This document describes how to define Dialects.

[TOC]

LangRef Refresher

Before diving into how to define these constructs, below is a quick refresher from the MLIR LangRef.

Dialects are the mechanism by which to engage with and extend the MLIR ecosystem. They allow for defining new attributes, operations, and types. Dialects are used to model a variety of different abstractions; from traditional arithmetic to pattern rewrites; and is one of the most fundamental aspects of MLIR.

Defining a Dialect

At the most fundamental level, defining a dialect in MLIR is as simple as specializing the C++ Dialect class. That being said, MLIR provides a powerful declaratively specification mechanism via TableGen; a generic language with tooling to maintain records of domain-specific information; that simplifies the definition process by automatically generating all of the necessary boilerplate C++ code, significantly reduces maintainence burden when changing aspects of dialect definitions, and also provides additional tools on top (such as documentation generation). Given the above, the declarative specification is the expected mechanism for defining new dialects, and is the method detailed within this document. Before continuing, it is highly recommended that users review the TableGen Programmer's Reference for an introduction to its syntax and constructs.

Below showcases an example simple Dialect definition. We generally recommend defining the Dialect class in a different .td file from the attributes, operations, types, and other sub-components of the dialect to establish a proper layering between the various different dialect components. It also prevents situations where you may inadvertantly generate multiple definitions for some constructs. This recommendation extends to all of the MLIR constructs, including Interfaces for example.
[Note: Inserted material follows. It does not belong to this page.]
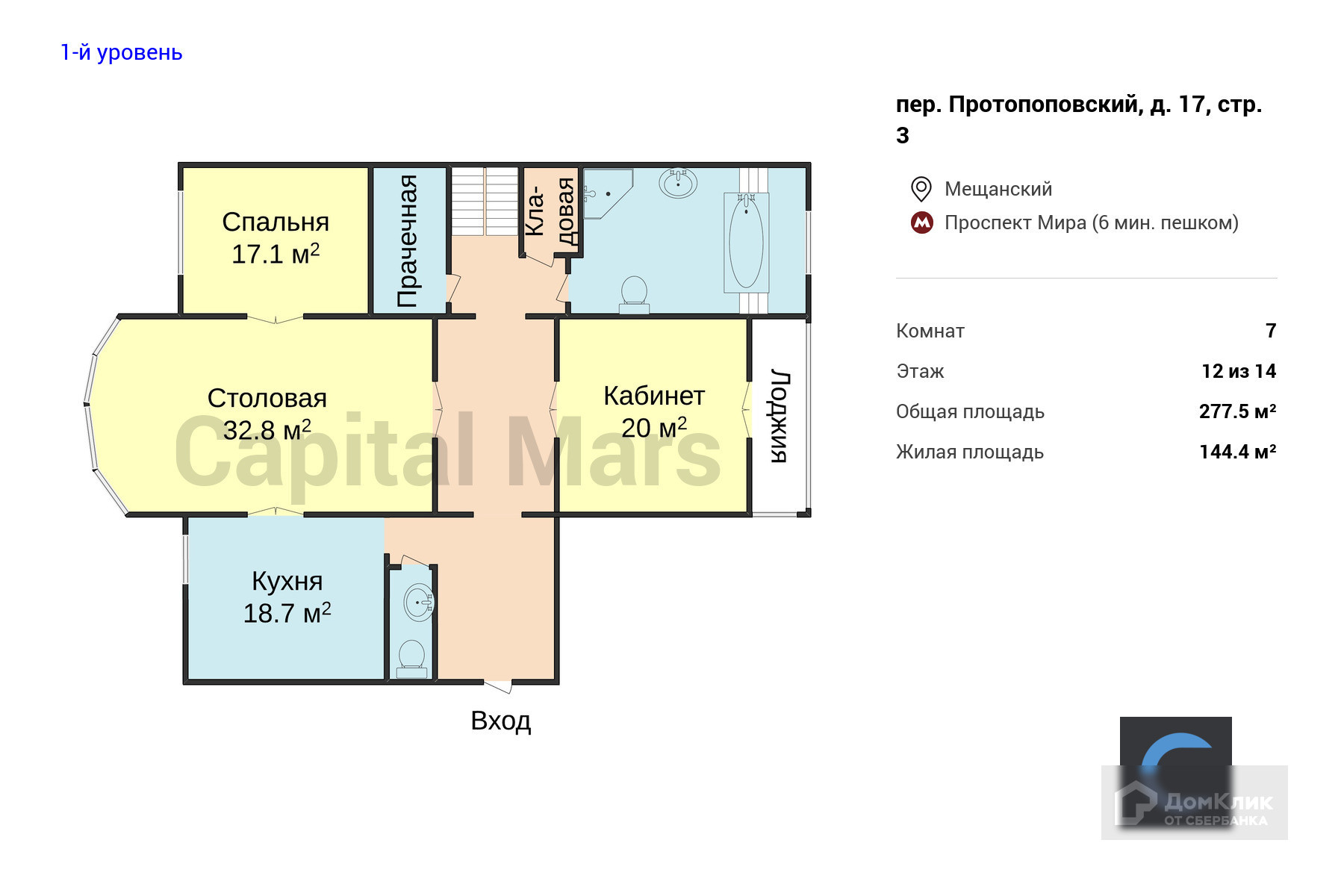 Многокомнатная квартира, 277.5 м2, этаж 12 / 14, на продажу в Москве, Протопоповский переулок, 17с3

// Include the definition of the necessary tablegen constructs for defining
// our dialect. 
include "mlir/IR/DialectBase.td"

// Here is a simple definition of a dialect.
def MyDialect : Dialect {
  let summary = "A short one line description of my dialect.";
  let description = [{
    My dialect is a very important dialect. This section contains a much more
    detailed description that documents all of the important pieces of information
    to know about the document.
  }];

  /// This is the namespace of the dialect. It is used to encapsulate the sub-components
  /// of the dialect, such as operations ("my_dialect.foo").
  let name = "my_dialect";

  /// The C++ namespace that the dialect, and its sub-components, get placed in.
  let cppNamespace = "::my_dialect";
}

The above showcases a very simple description of a dialect, but dialects have lots of other capabilities that you may or may not need to utilize.

Initialization

Every dialect must implement an initialization hook to add attributes, operations, types, attach any desired interfaces, or perform any other necessary initialization for the dialect that should happen on construction. This hook is declared for every dialect to define, and has the form:

void MyDialect::initialize() {
  // Dialect initialization logic should be defined in here.
}

Documentation

The summary and description fields allow for providing user documentation for the dialect. The summary field expects a simple single-line string, with the description field used for long and extensive documentation. This documentation can be used to generate markdown documentation for the dialect and is used by upstream MLIR dialects.

Class Name

The name of the C++ class which gets generated is the same as the name of our TableGen dialect definition, but with any _ characters stripped out. This means that if you name your dialect Foo_Dialect, the generated C++ class would be FooDialect. In the example above, we would get a C++ dialect named MyDialect.

C++ Namespace

The namespace that the C++ class for our dialect, and all of its sub-components, is placed under is specified by the cppNamespace field. By default, uses the name of the dialect as the only namespace. To avoid placing in any namespace, use "". To specify nested namespaces, use "::" as the delimiter between namespace, e.g., given "A::B", C++ classes will be placed within: namespace A { namespace B { <classes> } }.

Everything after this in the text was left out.